[Opening INPUT DATA section]

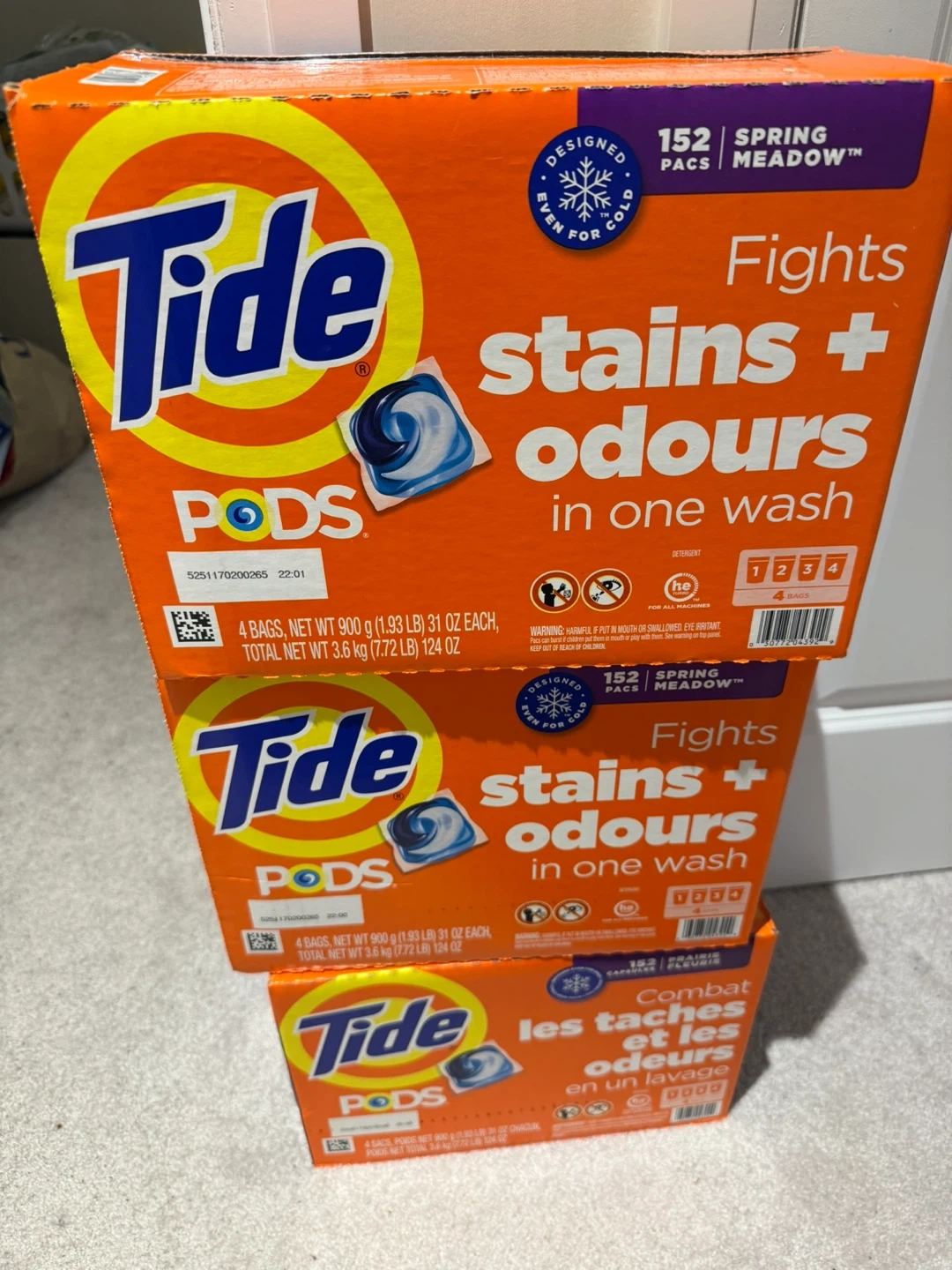 Get your laundry done with these Tide PODS! Each box contains 152 pacs in the Spring Meadow scent. They fight stains and odours in one wash and are designed to work even in cold water. Each box contains 4 bags, with a total net weight of 3.6 kg (7.72 lb)
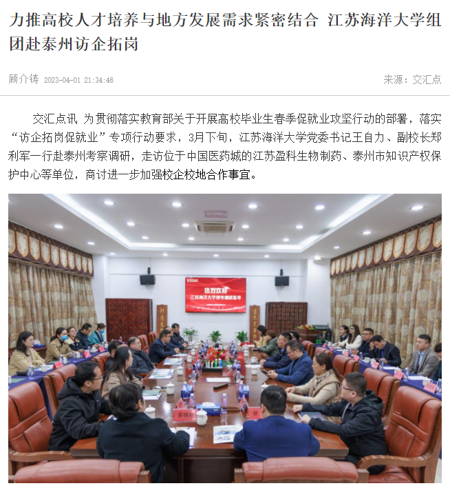 为贯彻落实教育部关于开展高校毕业生春季促就业攻坚行动的部署,落实“访企拓岗促就业”专项行动要求,3月下旬,江苏海洋大学党委书记王自力、副校长郑利军一行赴泰州考察调研,走访位于中国医药城的江苏盈科生物制药、泰州市知识产权保护中心等单位,商讨进一步加强校企校地合作事宜。
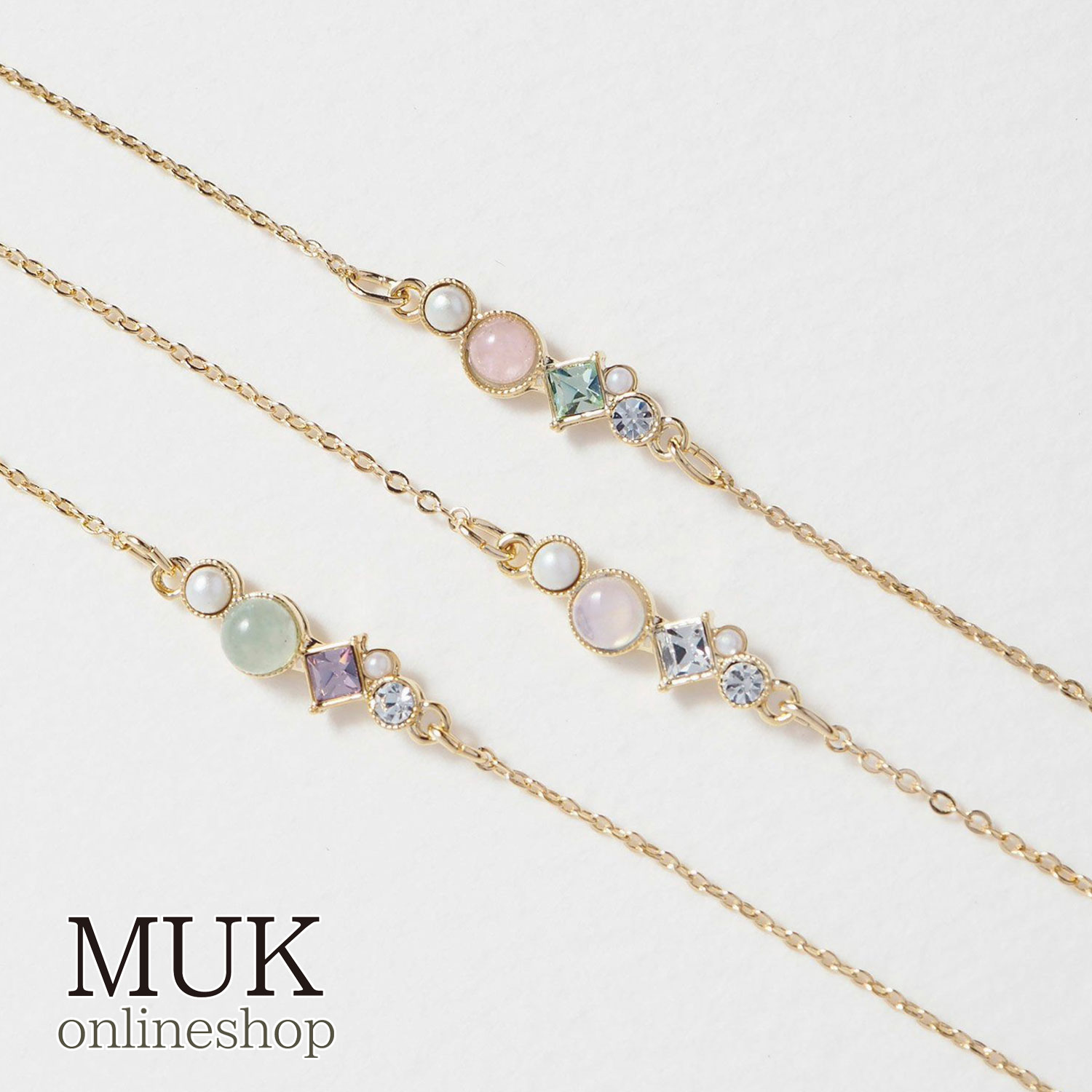 ブレスレット レディース ゴールド チェーン 天然石 ムーンストーン ローズクォーツ アベンチュリン パール ビジュー 誕生石 シンプル 上品 華奢 オフィス 長さ調節 ニッケルフリー 金属アレルギー 対応 日本製 muk dreamy stone クリスマスプレゼント
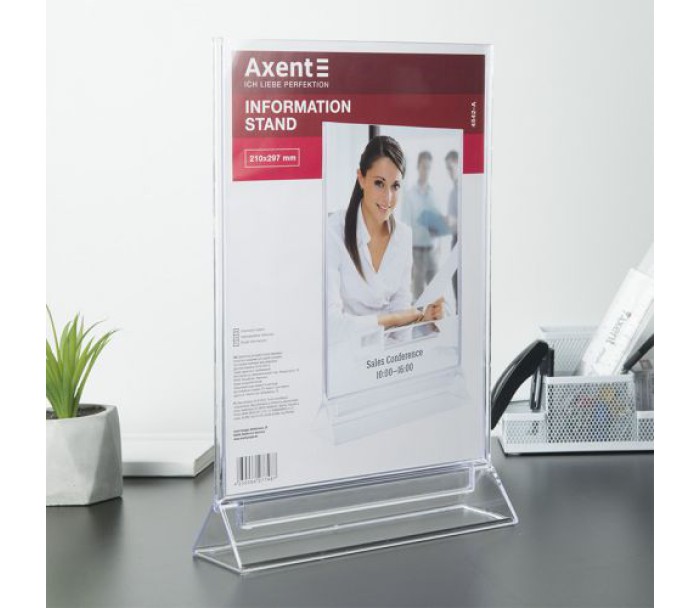 Двосторонні інформаційні таблички широко використовуються для розміщення реклами та іншої інформації при роботі з клієнтами - в банках, ресторанах (наприклад, спеціальні меню), на рецепції готелів, в салонах краси і т.д. Табличка інформаційна двостороння Axent виготовлена ​​з кришталево прозорого пластику (полістиролу), який не порушує передачу кольору і чіткість зображень. Зручна виїмка для пальців дозволяє легко замінити вкладиш в табличці.
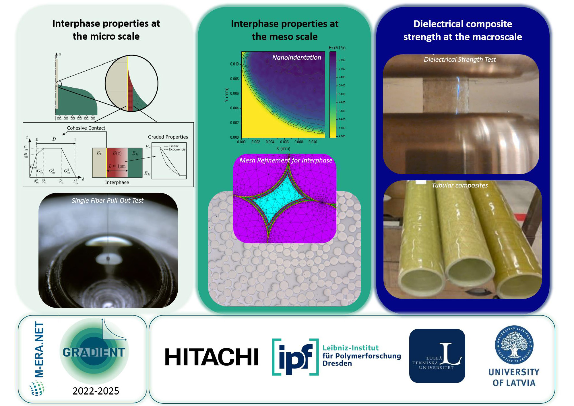 Power transformers and switchgears are key components made of high-performance composites used in power grids. Their availability and robustness have a decisive influence on the reliability and profitability, especially for the future expansion of power grids. Composites mechanical and dielectric strength is strongly influenced by the fiber-matrix interphase, the main source of micro-scale damage. The project’s objective was therefore to develop new methodologies and validation tools for interphase optimization, while also exploring approaches to reduce stress concentrations within the interphase to enhance the durability of composite structures. In this project, researchers developed and carried out experiments on several levels — from microscopic tests on single fibers to larger tests on composite plates and tubes. Tailored glass fibers (GF) were produced via a pilot spinning line, where a new approach (nanoclay sizing) was tested to optimize the interphase. In the micro-scale, interfacial shear strength was measured by single fiber pull-out (SFPO) tests. The interphase stiffness and thickness was measured and visualised by nanoindentation. A new methodology using scanning electron microscopy with energy dispersive x-ray spectroscopy (SEM/EDX) led to a faster and more feasible approach for determining interphase thickness. All techniques confirmed the presence of a graded interphase, with gradual variations in properties and chemical composition. Finite element method (FEM) simulations of the SFPO, explicitly including a graded interphase, were carried out to understand the damage process of fiber-matrix debonding and to determine corresponding mechanical parameters. A generalized variant of a traction separation law was introduced, leading to the conclusion that fiber-matrix debonding is governed by plastic deformation. At meso-scale, electrical tests revealed that breakdowns often begin near the interphase, proving its importance not only for mechanical but also for electrical performance. Further modeling confirmed that including the interphase in calculations makes predictions of material strength and stiffness much more accurate. An interactive tool (Fiber.net) was developed to predict elastic transverse properties of unidirectional (UD) composites. Finally, large-scale tests on tubular composite structures showed that overall performance depends on many factors — not just the materials themselves but also how precisely they are manufactured. This underlines why studying materials at smaller scales is so valuable: it helps identify the best combinations of fibers, coatings, and resins before production, guiding better material selection and process optimization.
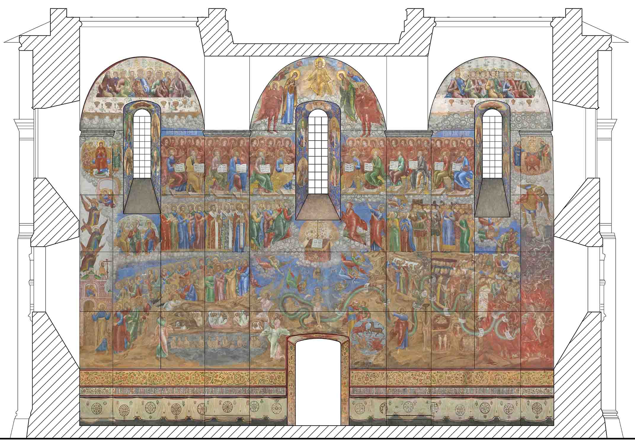 В XV – начале XVI века композиционная схема Страшного суда в русском искусстве изменилась. В ее составе появились новые сюжеты, характерные именно для русского искусства. Величайшим памятником этого периода можно назвать Троицкий собор Троице-Сергиевой лавры (1635 год).
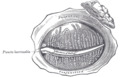 Anatomists divide the gland into two sections, a palpebral lobe, or portion, and an orbital lobe or portion.[3] The smaller palpebral lobe lies close to the eye, along the inner surface of the eyelid; if the upper eyelid is everted, the palpebral portion can be seen.
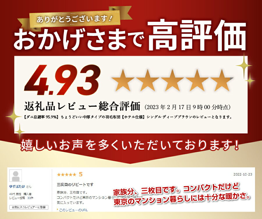 【ふるさと納税】 羽毛布団 掛け布団 中厚 シングル 日本製 ディープブラウン【ダニ忌避率95.9%】【ホテル仕様】 綿100% サテン ストライプ 抗菌 防臭 防ダニ 寝具 布団 国産・・・

[Closing INPUT DATA section]

THE PROBLEM: The answer must repeat every record exactly, with all pictures left out.

WORKED SOLUTION:
 Get your laundry done with these Tide PODS! Each box contains 152 pacs in the Spring Meadow scent. They fight stains and odours in one wash and are designed to work even in cold water. Each box contains 4 bags, with a total net weight of 3.6 kg (7.72 lb)
 为贯彻落实教育部关于开展高校毕业生春季促就业攻坚行动的部署,落实“访企拓岗促就业”专项行动要求,3月下旬,江苏海洋大学党委书记王自力、副校长郑利军一行赴泰州考察调研,走访位于中国医药城的江苏盈科生物制药、泰州市知识产权保护中心等单位,商讨进一步加强校企校地合作事宜。
 ブレスレット レディース ゴールド チェーン 天然石 ムーンストーン ローズクォーツ アベンチュリン パール ビジュー 誕生石 シンプル 上品 華奢 オフィス 長さ調節 ニッケルフリー 金属アレルギー 対応 日本製 muk dreamy stone クリスマスプレゼント
 Двосторонні інформаційні таблички широко використовуються для розміщення реклами та іншої інформації при роботі з клієнтами - в банках, ресторанах (наприклад, спеціальні меню), на рецепції готелів, в салонах краси і т.д. Табличка інформаційна двостороння Axent виготовлена ​​з кришталево прозорого пластику (полістиролу), який не порушує передачу кольору і чіткість зображень. Зручна виїмка для пальців дозволяє легко замінити вкладиш в табличці.
 Power transformers and switchgears are key components made of high-performance composites used in power grids. Their availability and robustness have a decisive influence on the reliability and profitability, especially for the future expansion of power grids. Composites mechanical and dielectric strength is strongly influenced by the fiber-matrix interphase, the main source of micro-scale damage. The project’s objective was therefore to develop new methodologies and validation tools for interphase optimization, while also exploring approaches to reduce stress concentrations within the interphase to enhance the durability of composite structures. In this project, researchers developed and carried out experiments on several levels — from microscopic tests on single fibers to larger tests on composite plates and tubes. Tailored glass fibers (GF) were produced via a pilot spinning line, where a new approach (nanoclay sizing) was tested to optimize the interphase. In the micro-scale, interfacial shear strength was measured by single fiber pull-out (SFPO) tests. The interphase stiffness and thickness was measured and visualised by nanoindentation. A new methodology using scanning electron microscopy with energy dispersive x-ray spectroscopy (SEM/EDX) led to a faster and more feasible approach for determining interphase thickness. All techniques confirmed the presence of a graded interphase, with gradual variations in properties and chemical composition. Finite element method (FEM) simulations of the SFPO, explicitly including a graded interphase, were carried out to understand the damage process of fiber-matrix debonding and to determine corresponding mechanical parameters. A generalized variant of a traction separation law was introduced, leading to the conclusion that fiber-matrix debonding is governed by plastic deformation. At meso-scale, electrical tests revealed that breakdowns often begin near the interphase, proving its importance not only for mechanical but also for electrical performance. Further modeling confirmed that including the interphase in calculations makes predictions of material strength and stiffness much more accurate. An interactive tool (Fiber.net) was developed to predict elastic transverse properties of unidirectional (UD) composites. Finally, large-scale tests on tubular composite structures showed that overall performance depends on many factors — not just the materials themselves but also how precisely they are manufactured. This underlines why studying materials at smaller scales is so valuable: it helps identify the best combinations of fibers, coatings, and resins before production, guiding better material selection and process optimization.
 В XV – начале XVI века композиционная схема Страшного суда в русском искусстве изменилась. В ее составе появились новые сюжеты, характерные именно для русского искусства. Величайшим памятником этого периода можно назвать Троицкий собор Троице-Сергиевой лавры (1635 год).
 Anatomists divide the gland into two sections, a palpebral lobe, or portion, and an orbital lobe or portion.[3] The smaller palpebral lobe lies close to the eye, along the inner surface of the eyelid; if the upper eyelid is everted, the palpebral portion can be seen.
 【ふるさと納税】 羽毛布団 掛け布団 中厚 シングル 日本製 ディープブラウン【ダニ忌避率95.9%】【ホテル仕様】 綿100% サテン ストライプ 抗菌 防臭 防ダニ 寝具 布団 国産・・・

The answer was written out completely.